Chen et al. engineered living “therapeutic tumor cells” (ThTCs) secreting IFNβ and GM-CSF and deficient in Ifnar1 (preventing self-toxicity from IFNβ), with an externally-triggered safety kill switch. Intracranial ThTCs protected against the parental tumor line, dependent on T cells. Implanted into a tumor resection site, ThTCs increased apoptosis, immune infiltration, and IFN signaling, downregulated cancer-associated fibroblast marker PDGFRB, and prevented tumor relapse relative to controls. ThTCs generated from LLC tumors and human GBM lines effectively prevented LLC metastases and post-resection recurrence in humanized BLT mice bearing GBM tumors, respectively.
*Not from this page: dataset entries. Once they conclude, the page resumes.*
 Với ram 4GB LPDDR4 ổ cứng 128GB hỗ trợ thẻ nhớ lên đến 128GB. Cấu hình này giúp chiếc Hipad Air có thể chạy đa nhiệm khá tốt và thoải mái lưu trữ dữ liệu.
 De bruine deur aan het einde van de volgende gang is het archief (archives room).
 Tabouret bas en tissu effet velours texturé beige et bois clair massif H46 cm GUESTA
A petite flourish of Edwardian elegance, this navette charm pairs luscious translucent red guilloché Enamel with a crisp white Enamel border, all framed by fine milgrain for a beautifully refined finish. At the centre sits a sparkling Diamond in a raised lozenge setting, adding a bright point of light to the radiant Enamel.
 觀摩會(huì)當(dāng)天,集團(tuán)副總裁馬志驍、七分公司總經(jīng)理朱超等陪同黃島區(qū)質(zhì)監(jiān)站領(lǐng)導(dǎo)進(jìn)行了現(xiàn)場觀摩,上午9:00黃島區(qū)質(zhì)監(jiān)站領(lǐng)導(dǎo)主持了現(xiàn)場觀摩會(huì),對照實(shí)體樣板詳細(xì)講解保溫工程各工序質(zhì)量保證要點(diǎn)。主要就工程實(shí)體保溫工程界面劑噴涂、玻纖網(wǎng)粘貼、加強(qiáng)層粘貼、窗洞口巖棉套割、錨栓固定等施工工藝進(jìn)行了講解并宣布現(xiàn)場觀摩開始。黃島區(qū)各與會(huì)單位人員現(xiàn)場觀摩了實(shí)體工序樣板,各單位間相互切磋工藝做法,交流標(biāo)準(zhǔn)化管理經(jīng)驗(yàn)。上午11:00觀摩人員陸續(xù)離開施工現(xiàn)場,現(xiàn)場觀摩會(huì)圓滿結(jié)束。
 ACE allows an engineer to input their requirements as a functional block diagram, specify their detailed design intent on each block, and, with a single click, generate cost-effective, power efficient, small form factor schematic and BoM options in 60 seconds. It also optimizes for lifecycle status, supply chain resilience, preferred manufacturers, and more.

Contributed by Alex Najibi
ABSTRACT: The administration of inactivated tumor cells is known to induce a potent antitumor immune response; however, the efficacy of such an approach is limited by its inability to kill tumor cells before inducing the immune responses. Unlike inactivated tumor cells, living tumor cells have the ability to track and target tumors. Here, we developed a bifunctional whole cancer cell-based therapeutic with direct tumor killing and immunostimulatory roles. We repurposed the tumor cells from interferon-β (IFN-β) sensitive to resistant using CRISPR-Cas9 by knocking out the IFN-β-specific receptor and subsequently engineered them to release immunomodulatory agents IFN-β and granulocyte-macrophage colony-stimulating factor. These engineered therapeutic tumor cells (ThTCs) eliminated established glioblastoma tumors in mice by inducing caspase-mediated cancer cell apoptosis, down-regulating cancer-associated fibroblast-expressed platelet-derived growth factor receptor β, and activating antitumor immune cell trafficking and antigen-specific T cell activation signaling. This mechanism-based efficacy of ThTCs translated into a survival benefit and long-term immunity in primary, recurrent, and metastatic cancer models in immunocompetent and humanized mice. The incorporation of a double kill-switch comprising herpes simplex virus-1 thymidine kinase and rapamycin-activated caspase 9 in ThTCs ensured the safety of our approach. Arming naturally neoantigen-rich tumor cells with bifunctional therapeutics represents a promising cell-based immunotherapy for solid tumors and establishes a road map toward clinical translation.